What is default index analyzer?

I though default analyzer is "standard" analyzer, but per my following experimentation, seems not.

  1. Create index with customized standard analyzer which included a pattern_capture filter to split words by "." or "_"
POST / myindex
{
      "settings" : {
        "analysis" : {
          "filter" : {
            "customsplit" : {
              "type" : "pattern_capture",
              "preserve_original" : 1,
              "patterns" : [
                "([^_.]+)"
              ]
            }
          },
          "analyzer" : {
            "standard" : {
              "tokenizer" : "standard",
              "filter" : [
                "lowercase",
                "customsplit"
              ]
            }
          }
        }
      },
      "mappings" : {
        "docs" : {
          "properties" : {
            "Url" : {
              "type" : "string"
            }
          }
        }
      }
    }
  1. Insert one doc to myindex
POST /myindex/docs/1
{
	"Url": "www.xyz.com"
}

Per _analyze API, the standard analyzer used by myindex DOES split the word by "."

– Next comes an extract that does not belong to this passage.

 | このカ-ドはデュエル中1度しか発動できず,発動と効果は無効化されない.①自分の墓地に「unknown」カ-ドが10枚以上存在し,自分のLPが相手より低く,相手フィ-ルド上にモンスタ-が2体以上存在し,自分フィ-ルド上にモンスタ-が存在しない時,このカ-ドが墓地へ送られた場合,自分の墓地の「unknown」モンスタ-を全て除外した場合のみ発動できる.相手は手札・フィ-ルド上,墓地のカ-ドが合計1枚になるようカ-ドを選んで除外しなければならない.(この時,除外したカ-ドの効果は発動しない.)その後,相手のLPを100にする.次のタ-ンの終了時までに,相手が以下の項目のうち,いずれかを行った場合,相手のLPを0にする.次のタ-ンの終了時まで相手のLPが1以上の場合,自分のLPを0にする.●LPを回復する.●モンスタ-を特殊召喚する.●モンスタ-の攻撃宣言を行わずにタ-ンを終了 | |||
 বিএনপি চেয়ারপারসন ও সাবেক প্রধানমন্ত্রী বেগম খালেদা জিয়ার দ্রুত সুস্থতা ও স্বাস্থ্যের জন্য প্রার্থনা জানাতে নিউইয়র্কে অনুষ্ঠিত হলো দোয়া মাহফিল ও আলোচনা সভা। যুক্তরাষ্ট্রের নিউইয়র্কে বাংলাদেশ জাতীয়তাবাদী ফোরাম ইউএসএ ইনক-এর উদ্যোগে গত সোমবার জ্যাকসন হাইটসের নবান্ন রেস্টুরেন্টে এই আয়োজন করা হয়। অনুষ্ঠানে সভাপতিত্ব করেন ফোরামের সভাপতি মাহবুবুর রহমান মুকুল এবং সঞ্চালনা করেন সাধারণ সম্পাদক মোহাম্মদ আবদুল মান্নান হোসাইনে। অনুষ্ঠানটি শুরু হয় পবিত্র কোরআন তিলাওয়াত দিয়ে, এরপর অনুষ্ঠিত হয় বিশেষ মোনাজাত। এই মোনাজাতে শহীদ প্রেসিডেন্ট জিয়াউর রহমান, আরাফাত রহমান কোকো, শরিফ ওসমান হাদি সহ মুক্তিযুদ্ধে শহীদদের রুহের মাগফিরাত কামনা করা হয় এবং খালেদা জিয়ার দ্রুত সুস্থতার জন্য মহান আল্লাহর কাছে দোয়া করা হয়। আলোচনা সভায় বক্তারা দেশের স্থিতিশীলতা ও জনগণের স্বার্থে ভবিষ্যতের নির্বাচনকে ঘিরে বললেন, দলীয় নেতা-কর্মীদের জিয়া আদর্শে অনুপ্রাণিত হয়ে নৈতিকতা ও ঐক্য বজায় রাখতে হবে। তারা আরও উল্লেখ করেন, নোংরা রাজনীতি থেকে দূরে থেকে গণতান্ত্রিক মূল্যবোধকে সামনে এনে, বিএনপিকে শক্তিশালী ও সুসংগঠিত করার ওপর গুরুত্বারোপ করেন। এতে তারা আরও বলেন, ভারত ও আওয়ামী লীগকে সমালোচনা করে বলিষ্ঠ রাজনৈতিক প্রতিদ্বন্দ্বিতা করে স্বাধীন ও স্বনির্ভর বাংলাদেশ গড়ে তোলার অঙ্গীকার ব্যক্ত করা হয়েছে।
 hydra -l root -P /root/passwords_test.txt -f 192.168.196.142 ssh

GET /myindex/_analyze?analyzer=standard&text=www.xyz.com

output:

{
      "tokens": [
        {
          "token": "www.xyz.com",
          "start_offset": 0,
          "end_offset": 11,
          "type": "<ALPHANUM>",
          "position": 1
        },
        {
          "token": "www",
          "start_offset": 0,
          "end_offset": 11,
          "type": "<ALPHANUM>",
          "position": 1
        },
        {
          "token": "xyz",
          "start_offset": 0,
          "end_offset": 11,
          "type": "<ALPHANUM>",
          "position": 1
        },
        {
          "token": "com",
          "start_offset": 0,
          "end_offset": 11,
          "type": "<ALPHANUM>",
          "position": 1
        }
      ]
    }

BUT, the problem is, if I search "xyz" from myindex, nothing returned:

POST /myindex/_search
{
 "query": {
  "match": {
    "Url": "xyz"
  }
 }
}

BUT, if I explicitly set the analyzer to "standard" in index mapping:

mappings": {
  "docs": {
    "properties": {
      "Url": {
        "type": "string",
        "analyzer": "standard"
      }
    }
  }

Then searching "xyz" can return the documents.

SO my question is: Is "standard" really default analyzer of ES index? if NOT, how to set default analyzer?

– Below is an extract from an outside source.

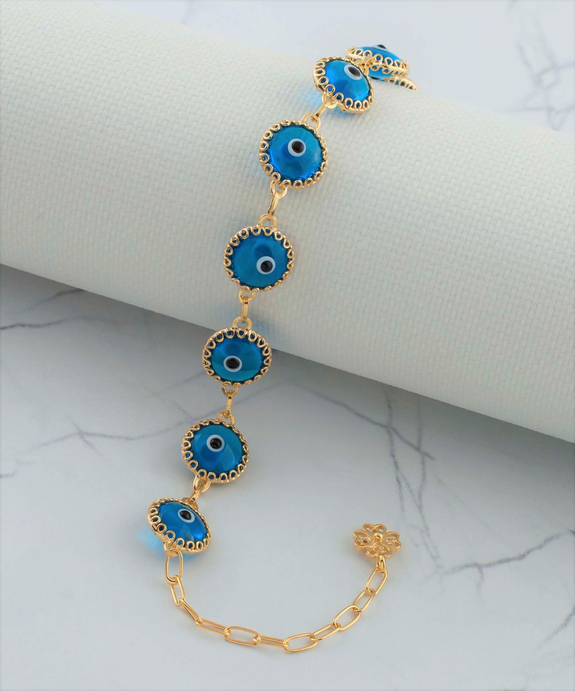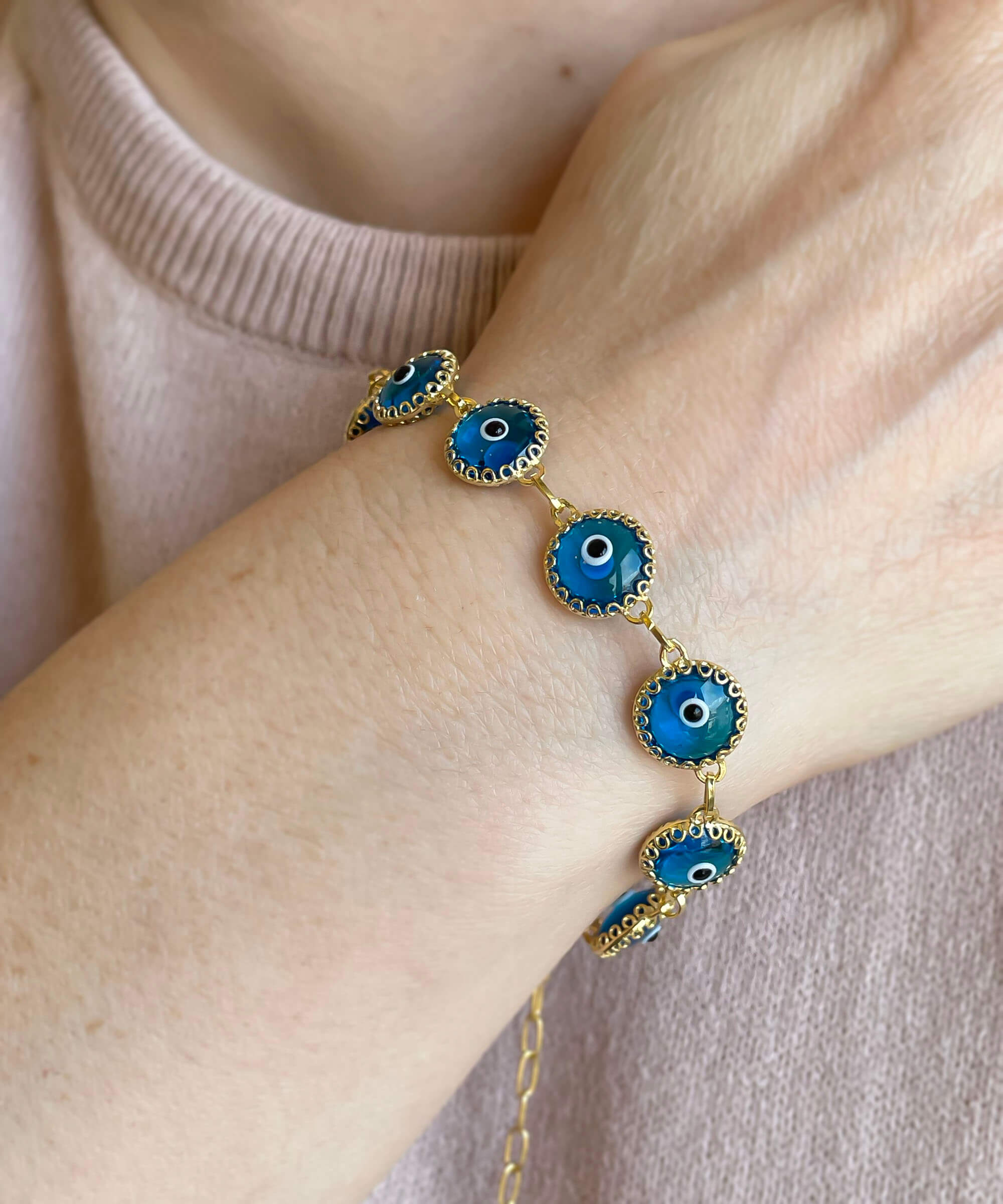 Introducing our stunning Lapis Blue Evil Eye Women Gold Plated Silver Link Bracelet, a perfect blend of elegance and protection. This exquisite bracelet is designed to not only enhance your style but also to serve as a powerful amulet against negativity. Crafted from high-quality gold-plated sterling silver, this bracelet features a strong rolo chain that ensures durability and comfort.

Or anything wrong in my above testing steps, if standard is indeed the default analyzer?

Please format your code using </> icon as explained in this guide. It will make your post more readable.

The standard analyzer is explained here: https://www.elastic.co/guide/en/elasticsearch/reference/5.1/analysis-standard-analyzer.html

As per https://www.elastic.co/guide/en/elasticsearch/reference/5.1/analysis.html#_specifying_an_index_time_analyzer, the default analyzer is the standard one.

Thanks David.
Yes, per ES reference, "standard" analyzer should be default analyzer.

But then, anything wrong with my testing? Does the default "standard" used just mean the built-in standard analyzer, but not the customized "standard" as defined in my setting?

That's interesting.

Indeed, you can't here "overwrite" the standard analyzer which is built in elasticsearch.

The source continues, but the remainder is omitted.